机器学习———KNN临近

1.什么是K临近(KNN)?

        K近邻(K-nearst neighbors,KNN)是一种基本的机器学习算法,所谓k近邻,就是k个最近的邻居的意思,说的是每个样本都可以用它最接近的k个邻居来代表。 比如:判断一个人的人品,只需要观察与他来往最密切的几个人的人品好坏就可以得出,即“近朱者赤,近墨者黑";KNN算法既可以应用于分类应用中,也可以应用在回归应用中。

2.算法实现(训练集)

        我这边是以4特征的鸢尾花作为数据集,需要数据集可以私聊

           计算误差公式:  

        1.导入数据集


def init(adder):
    f = open(adder)  # 打开数据文件文件
    lines = f.readlines()  # 把全部数据文件读到一个列表lines中
    data_test = []
    for line in lines:  # 把lines中的数据逐行读取出来
        data_test.append(line.rstrip('\n').split(' '))#换行
    data_temp = np.array(data_test)#变成矩阵
    return data_temp

         2.计算输入特征点和每个数据的距离

def argue(need_judge, data_temp):
    times = data_temp.shape[0]#获取数据个数
    distance_all = np.zeros((1, 2))
    for time in range(times):
        temp = data_temp[time]#遍历矩阵每行
        temp_temp = temp[0:4]
        distance_temp = distance_out(need_judge, temp_temp)
        new_row = np.array((distance_temp, temp[4]), dtype=str)
        new_row = np.array(new_row).reshape((1, 2))
        distance_all = np.r_[distance_all, new_row]#合并矩阵
    return distance_all#返回带有距离差的和标签的矩阵


def distance_out(need_judge, source):#获取距离
    source = source.astype(float)
    x = need_judge[0] - source[0]
    y = need_judge[1] - source[1]
    z = need_judge[2] - source[2]
    r = need_judge[3] - source[3]
    distance = math.sqrt((x ** 2 + y ** 2 + z ** 2 + r ** 2))
    return distance

        3.从处理完的矩阵中获取最小K个距离的标签        

def find_suitable(distance_all, K):
    new_distance_all = distance_all[1:]#去掉矩阵第一行

    sorted_indices = np.argsort(new_distance_all[:, 0])
    min_k_rows = new_distance_all[sorted_indices[:K], :]
    # print(min_k_rows)

    min_name = min_k_rows[:, 1]
    # 将数组转换为Python列表,并使用Counter类进行计数
    counts = Counter(min_name.tolist())

    # 找到出现次数最多的字符串
    most_common_str = max(counts, key=counts.get)

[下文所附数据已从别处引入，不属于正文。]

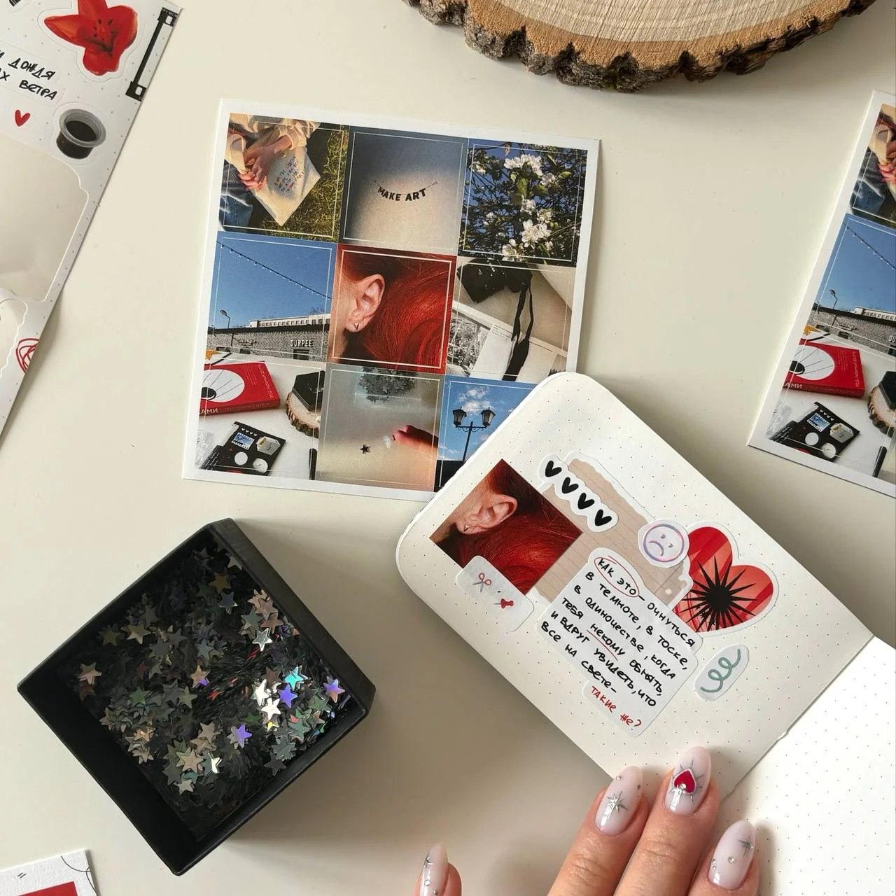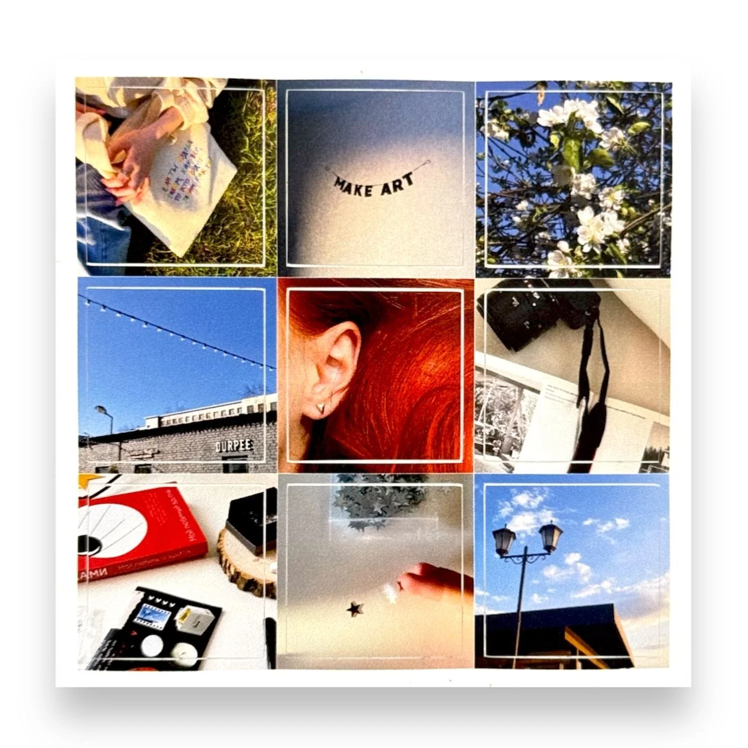 Вырубка по форме всех стикеров, размер 9*9 см, глянцевая виниловая пленка.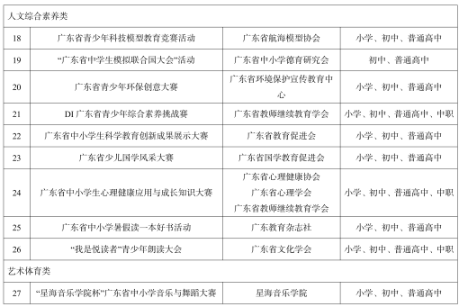 本次通过评审的全省竞赛活动分为自然科学素养类、人文综合素养类、艺术体育类三大类。共有包括广东省计算机学会、广东省航空航天学会、广东省电子学会等16个单位获得2025—2028学年面向中小学生的全国性竞赛活动广东省办赛授权。

    # print("出现最多的字符串是:", most_common_str)
    return most_common_str

以上训练集的部分就完成了,下面通过验证集来判断代码的效果

3.算法实现(验证集)

def train(need_judge,K):
    data = init(train_address)
    distance_all = argue(need_judge, data)
    kinds = find_suitable(distance_all, K)
    return kinds#返回的是标签

def ua(K):
    data = init(prove_address)#读取验证集的地址
    data_number = data.shape[0]
    right = 0
    faid = 0
    # print(data)
    count = 0
    for temp in data:#便利验证集里面每组数据
        count += 1
        print("正在进行第", count, "次验证")
        x, y, z, r = get_point(temp)
        # print(get_point(temp))
        need_judge = np.array([x, y, z, r], dtype=float)
        judge = train(need_judge,K)
        if (judge == temp[4]):#判断输出标签和验证集标签是否一样
            right += 1
        else:
            faid += 1

    right_faid = (float)((right) / (data.shape[0]))
    print("当前模型的成功率是百分之", right_faid * 100)

4.过程中遇到的问题

        1.合并矩阵是时候浪费了我很多时间

        distance_temp = distance_out(need_judge, temp_temp)
        new_row = np.array((distance_temp, temp[4]), dtype=str)
        new_row = np.array(new_row).reshape((1, 2))
        distance_all = np.r_[distance_all, new_row]#合并矩阵

        上面展示的这段代码,需要注意的是distance_all 一定要和new_row 变成同纬度的矩阵,在获取new_row的过程中,很容易把他变成数组,导致矩阵无法扩容。

5.完整代码

# coding=UTF-8
import math
from collections import Counter
import numpy as np

train_address = "./iris.txt"
prove_address = "./test.txt"

def init(adder):
    f = open(adder)  # 打开数据文件文件
    lines = f.readlines()  # 把全部数据文件读到一个列表lines中
    data_test = []
    for line in lines:  # 把lines中的数据逐行读取出来
        data_test.append(line.rstrip('\n').split(' '))
    data_temp = np.array(data_test)
    return data_temp


def argue(need_judge, data_temp):
    times = data_temp.shape[0]
    distance_all = np.zeros((1, 2))
    for time in range(times):
        temp = data_temp[time]
        temp_temp = temp[0:4]
        distance_temp = distance_out(need_judge, temp_temp)
        new_row = np.array((distance_temp, temp[4]), dtype=str)
        new_row = np.array(new_row).reshape((1, 2))
        distance_all = np.r_[distance_all, new_row]
    return distance_all


def distance_out(need_judge, source):
    source = source.astype(float)
    x = need_judge[0] - source[0]
    y = need_judge[1] - source[1]
    z = need_judge[2] - source[2]
    r = need_judge[3] - source[3]
    distance = math.sqrt((x ** 2 + y ** 2 + z ** 2 + r ** 2))
    return distance


def find_suitable(distance_all, K):
    new_distance_all = distance_all[1:]

    sorted_indices = np.argsort(new_distance_all[:, 0])
    min_k_rows = new_distance_all[sorted_indices[:K], :]
    # print(min_k_rows)

    min_name = min_k_rows[:, 1]
    # 将数组转换为Python列表,并使用Counter类进行计数
    counts = Counter(min_name.tolist())

    # 找到出现次数最多的字符串
    most_common_str = max(counts, key=counts.get)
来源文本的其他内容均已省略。